Last week saw the release of a pair of reports elucidating anew the racial bias that underlies America's response to illegal drug use. While rates of drug use are virtually identical across racial lines, African-Americans are arrested and incarcerated at a rate far outpacing the rest of the population. As detailed in the reports from the and , in 2006 two-thirds of those arrested for a drug violation were white and a third African-American, despite African-Americans comprising only 12.8 percent of the population and a comparable percentage of drug users.
Drug war apologists seek to explain away this gross racial injustice by claiming that police are merely focusing resources where violent crime and community complaints are most prevalent - namely, in inner-city African-American communities. If, the argument goes, a few extra African-American drug users wind up incarcerated due to this wholly sensible allocation of police resources, so be it. But this tired excuse no longer holds water, if it ever did, when police make more arrests for non-violent drug possession than any other crime.

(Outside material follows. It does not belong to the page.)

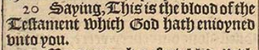 20 Saying, This is the blood of the Testament which God hath enioyned vnto you.
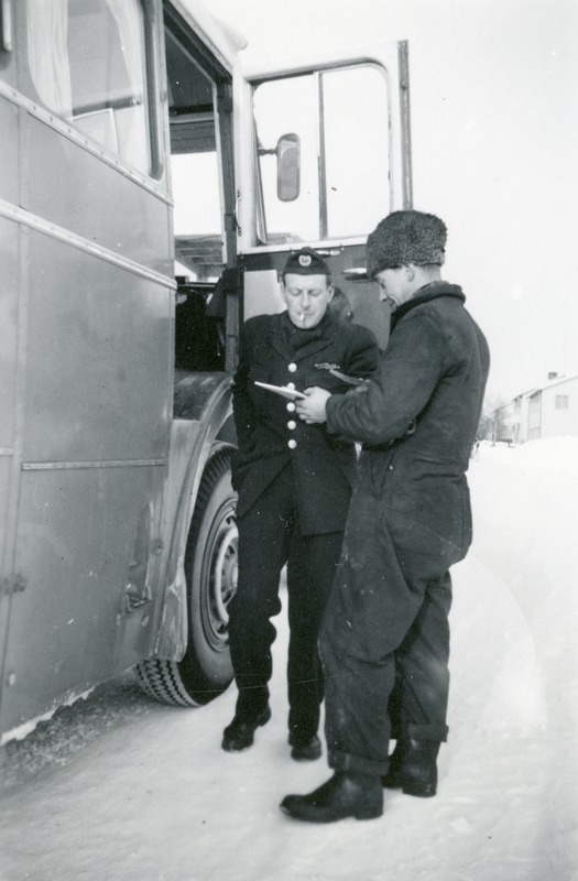 Svartvitt fotografi av två män ståendes bredvid en buss. Männen står ungefär mitt i bild med bussen åt vänster i bild. Åt höger, i bakgrunden, ser man ett par byggnader och några mindre träd eller buskar. Männen står precis bredvid dörren till bussens för, som står öppen. Mannen närmst bussen har en cigarett i munnen, är klädd i uniform och har sin högra hand i byxfickan. Han tittar på något som den andra mannen, som står i profil lite längre åt höger i bild, håller i sin vänsterhand. Det ser ut som en bok eller en skrivplatta för papper. Mannen har en stor pälsmössa på sig. Marken är täckt av snö.

In recently released figures you likely won't see law enforcement trumpeting on your local news, we've learned that our scarce public safety resources most often go toward ferreting out low-level drug offenders rather than murderers, rapists and other violent criminals. There were more arrests for drug abuse violations in 2006 (an estimated 1.9 million arrests, or 13.1 percent of the total number of arrests) than for any other offense. Furthermore, 82.5 percent of these arrests were for simple possession, and nearly half of these for marijuana.
When these numbers are taken into account along with drug use rates, the contention that the racial disparity in drug arrests is merely a byproduct of law enforcement's focus on violent crime or a reflection of African-Americans' greater appetite for drugs can be clearly seen for what it is: absurd.
When drug arrests, most for possession, have become law enforcement's most frequent function, and when these arrests are marked by patent racial disparity, they cannot be written-off as side effects of legitimate enforcement patterns.
The bottom line is that prohibition of consensual activity, such as drug use, will always open the door to selective enforcement. These crimes, almost by definition, lack a complaining witness or victim, meaning that law enforcement must be granted significant discretion in selecting where and whom to investigate for such crimes. Unfortunately, in the case of drug law enforcement, selective targeting of the African-American community has been effectively institutionalized, as further evidenced by last week's reports.